What is the true value of BDD?
  June 18, 2015

This is a guest post by Hamish Tedeschi, Managing Director of [MagenTys] Australia(http://magentys.io/). Hamish is also a co-organiser of CukeUp! AU, coming to Sydney at the end of 2015. Click here for more details on CukeUp! AU.


2 successful days at YOW! West have just come to a close - my first YOW! conference, but definitely not my last. I made some new friends and also learnt quite a bit - time to learn some Clojure, I think! The theme of the two days was, without doubt, microservices, but that also seemed to be surrounded by another theme of collaboration and building the right thing. This seems to be a constant recurring theme in all conferences and companies I visit. How do we build the right thing in the face of misunderstandings, miscommunications and mistakes? It is THE most difficult thing... Coding is the easy part, that is just implementation detail. Too often we get hung up on the technology stack or the tools we may be going to use to achieve the job, when it seems using post-it notes can add more value than the alternatives. Don't get me wrong, I'm a big proponent of BDD, especially when done well, as I have seen the benefits first hand. But it seems we keep getting BDD wrong, even when we talk about it at these conferences or try to deliver a project using it.

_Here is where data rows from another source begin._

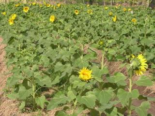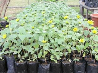 ヒマワリのポット苗 Nursery of sunflower. In July and August, our wintertime, they are almost like dwarfs. 緑肥として使います。 南半球は冬です。 |
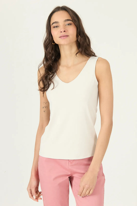 Polera Mujer Sin Mangas Escote En V Beige
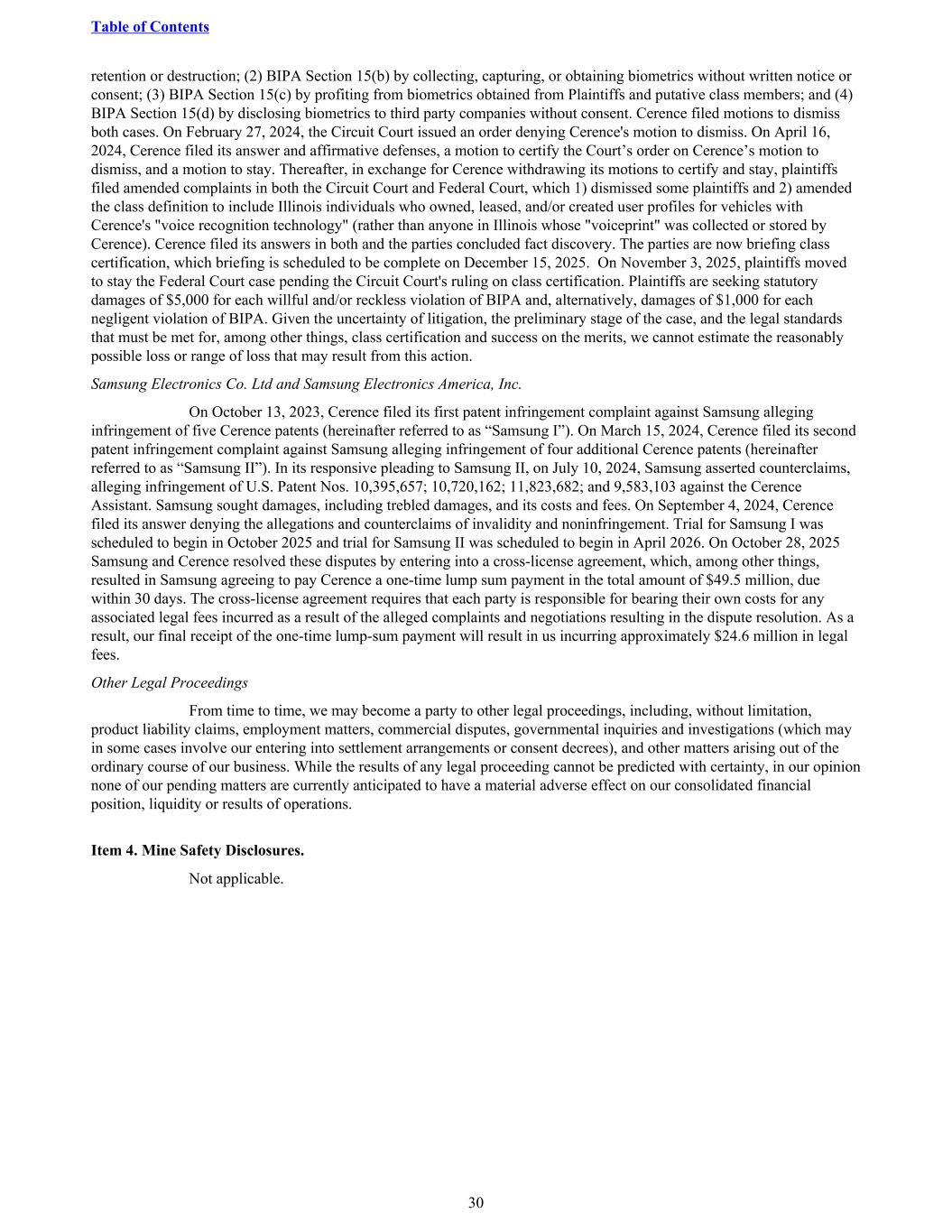 retention or destruction; (2) BIPA Section 15(b) by collecting, capturing, or obtaining biometrics without written notice or consent; (3) BIPA Section 15(c) by profiting from biometrics obtained from Plaintiffs and putative class members; and (4) BIPA Section 15(d) by disclosing biometrics to third party companies without consent. Cerence filed motions to dismiss both cases. On February 27, 2024, the Circuit Court issued an order denying Cerence's motion to dismiss. On April 16, 2024, Cerence filed its answer and affirmative defenses, a motion to certify the Court’s order on Cerence’s motion to dismiss, and a motion to stay. Thereafter, in exchange for Cerence withdrawing its motions to certify and stay, plaintiffs filed amended complaints in both the Circuit Court and Federal Court, which 1) dismissed some plaintiffs and 2) amended the class definition to include Illinois individuals who owned, leased, and/or created user profiles for vehicles with Cerence's "voice recognition technology" (rather than anyone in Illinois whose "voiceprint" was collected or stored by Cerence). Cerence filed its answers in both and the parties concluded fact discovery. The parties are now briefing class certification, which briefing is scheduled to be complete on December 15, 2025. On November 3, 2025, plaintiffs moved to stay the Federal Court case pending the Circuit Court's ruling on class certification. Plaintiffs are seeking statutory damages of $5,000 for each willful and/or reckless violation of BIPA and, alternatively, damages of $1,000 for each negligent violation of BIPA. Given the uncertainty of litigation, the preliminary stage of the case, and the legal standards that must be met for, among other things, class certification and success on the merits, we cannot estimate the reasonably possible loss or range of loss that may result from this action. Samsung Electronics Co. Ltd and Samsung Electronics America, Inc. On October 13, 2023, Cerence filed its first patent infringement complaint against Samsung alleging infringement of five Cerence patents (hereinafter referred to as “Samsung I”). On March 15, 2024, Cerence filed its second patent infringement complaint against Samsung alleging infringement of four additional Cerence patents (hereinafter referred to as “Samsung II”). In its responsive pleading to Samsung II, on July 10, 2024, Samsung asserted counterclaims, alleging infringement of U.S. Patent Nos. 10,395,657; 10,720,162; 11,823,682; and 9,583,103 against the Cerence Assistant. Samsung sought damages, including trebled damages, and its costs and fees. On September 4, 2024, Cerence filed its answer denying the allegations and counterclaims of invalidity and noninfringement. Trial for Samsung I was scheduled to begin in October 2025 and trial for Samsung II was scheduled to begin in April 2026. On October 28, 2025 Samsung and Cerence resolved these disputes by entering into a cross-license agreement, which, among other things, resulted in Samsung agreeing to pay Cerence a one-time lump sum payment in the total amount of $49.5 million, due within 30 days. The cross-license agreement requires that each party is responsible for bearing their own costs for any associated legal fees incurred as a result of the alleged complaints and negotiations resulting in the dispute resolution. As a result, our final receipt of the one-time lump-sum payment will result in us incurring approximately $24.6 million in legal fees. Other Legal Proceedings From time to time, we may become a party to other legal proceedings, including, without limitation, product liability claims, employment matters, commercial disputes, governmental inquiries and investigations (which may in some cases involve our entering into settlement arrangements or consent decrees), and other matters arising out of the ordinary course of our business. While the results of any legal proceeding cannot be predicted with certainty, in our opinion none of our pending matters are currently anticipated to have a material adverse effect on our consolidated financial position, liquidity or results of operations. Item 4. Mine Safety Disclosures. Not applicable. Table of Contents 30
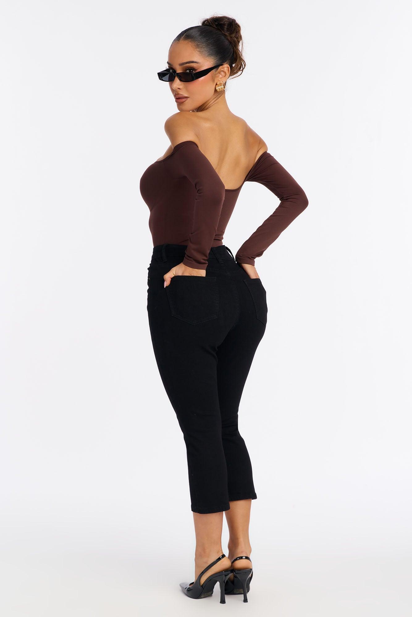 Available In Black And Dark Wash. Denim Skinny Capri 5 Pocket 11" Rise 21" Inseam Medium Stretch 68% Cotton 22% Polyester 9% Rayon 1% Elastane Imported California Proposition 65WARNING: Cancer and Reproductive Harm - www.P65Warnings.ca.gov.
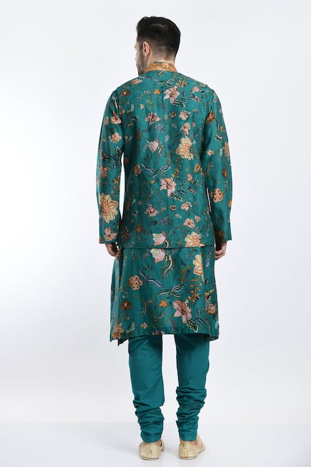 Green bundi featuring florette print and thread embroidery. Paired with a matching kurta and churidar.
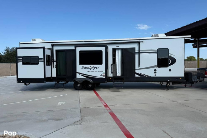 This 2022 Sandpiper 403RD is a 39' park model/destination trailer located in Terrell, Texas.
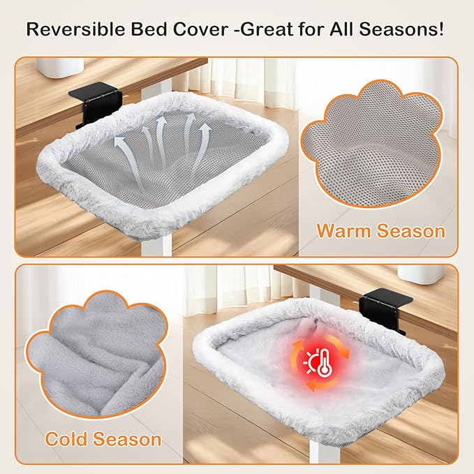 - 【Ultra-Comfortable Design】The cat hammock for desk offers all-around comfort and security, helping your cat unwind and sleep soundly. The reversible cover adds year-round comfort—use the cozy faux fur side for colder days or the breathable mesh fabric for warmer weather.

For me, BDD is a design and discovery process. A method of expressing system intent in a collaborative way. We get executable specifications out of it which we can automate, if we choose. We then call these automated tests. This is wrong. Why?

Because people get hung up on the value of BDD being all about the automated "tests" you get out of it. When the real value is actually the shared understanding we get at the beginning.

The root of the problem is that these automated "tests" aren't actually tests at all. We may do some testing in the process of creating these automated tests, but once they are written, they are not "testing" anything. Testing is the process of evaluating a product by learning about it through experimentation, which includes to some degree: questioning, study, modelling, observation and inference. Once code is written, it cannot experiment, question or study anything. It just executes and does exactly what it is told, no matter what. I propose we strip out the word "testing" or "test" completely when talking about BDD, and replace it with "checking" or "check". This will go someway in reducing misconceptions about the process, the value it provides and more importantly, the value it does NOT provide. This way, we may also stop striving for exhaustive coverage when writing scenarios, thinking of these as vehicles for regression tests. It may also mean that when we think about them as a design concept, we get more contributions from BA's and UX'ers at the time of elaboration.

BDD is HARD. It is easy to NOT to write a feature together as a team. It is easy to create a feature whilst thinking of the implementation details rather than the desired behaviour. It is easier still, to build something without a failing check or not build the check at all. BDD requires discipline, however, humans tend to take shortcuts wherever possible. I still believe, with the right blend of team, we can do it though.